The example in the tutorial was of a greek statue holding a trident, and I am desperately trying to locate it, but Google just isn't helping.

It was posted, somewhere, recently (in the last week or so) and I'm hoping someone else saw and bookmarked it, or something.

Help! ?

-Allen
 
I saw that in this past issue of MacLife… It was the paper magazine naturally, so I don't know how you would be able to get a hold of *that* one.
 
I saw that in this past issue of MacLife… It was the paper magazine naturally, so I don't know how you would be able to get a hold of *that* one.

A *ha*! I'm a moron.

That is exactly where I saw it, I assumed it was one of my RSS feeds and was frantically searching through google and google reader. What a waste of time. I'll now walk upstairs and grab the magazine. /facepalm
 
Just wondered if you could explain how you mean cloud shaped, do you mean cropping the edges of the photo to make it a cloud shape?
 
Just wondered if you could explain how you mean cloud shaped, do you mean cropping the edges of the photo to make it a cloud shape?

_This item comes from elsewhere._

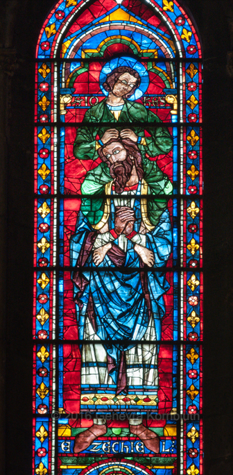 Ezechiel supporting John: Chartres cathedral, south transept windows 1221-30. For more views, and eagle in same windows, see Chartres.
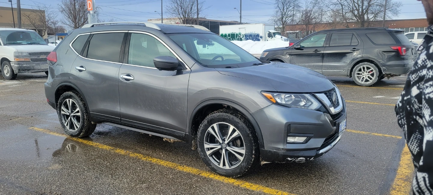 Grey 2019 Nissan Rogue SV AWD SUV 145000km. with navigation. Has a 2.5L 4-cylinder engine and CVT transmission. Features include a backup camera, heated seats, and push-button start.full extra

This let you take a picture the sky, with some clouds in it, and then take a different picture, say a portrait or in the example a picture of a Greek statue. Then you basically copy and paste a transparent version of the portrait into the clouds, then copy and paste little bits of clouds over the portrait, and when you are done you have your 'portrait' made out of clouds, looking like a cloud formation, or something. I'll scan their picture (I haven't gotten to do mine yet) and post it
 
Thanks that would be good to see an image, I think I understand what your describing now
 
Use Google and look for tutorials on using mask in layers in Photoshop.

You want the blue sky, and then in the middle, instead of the groups of clouds, you want to see the portrait?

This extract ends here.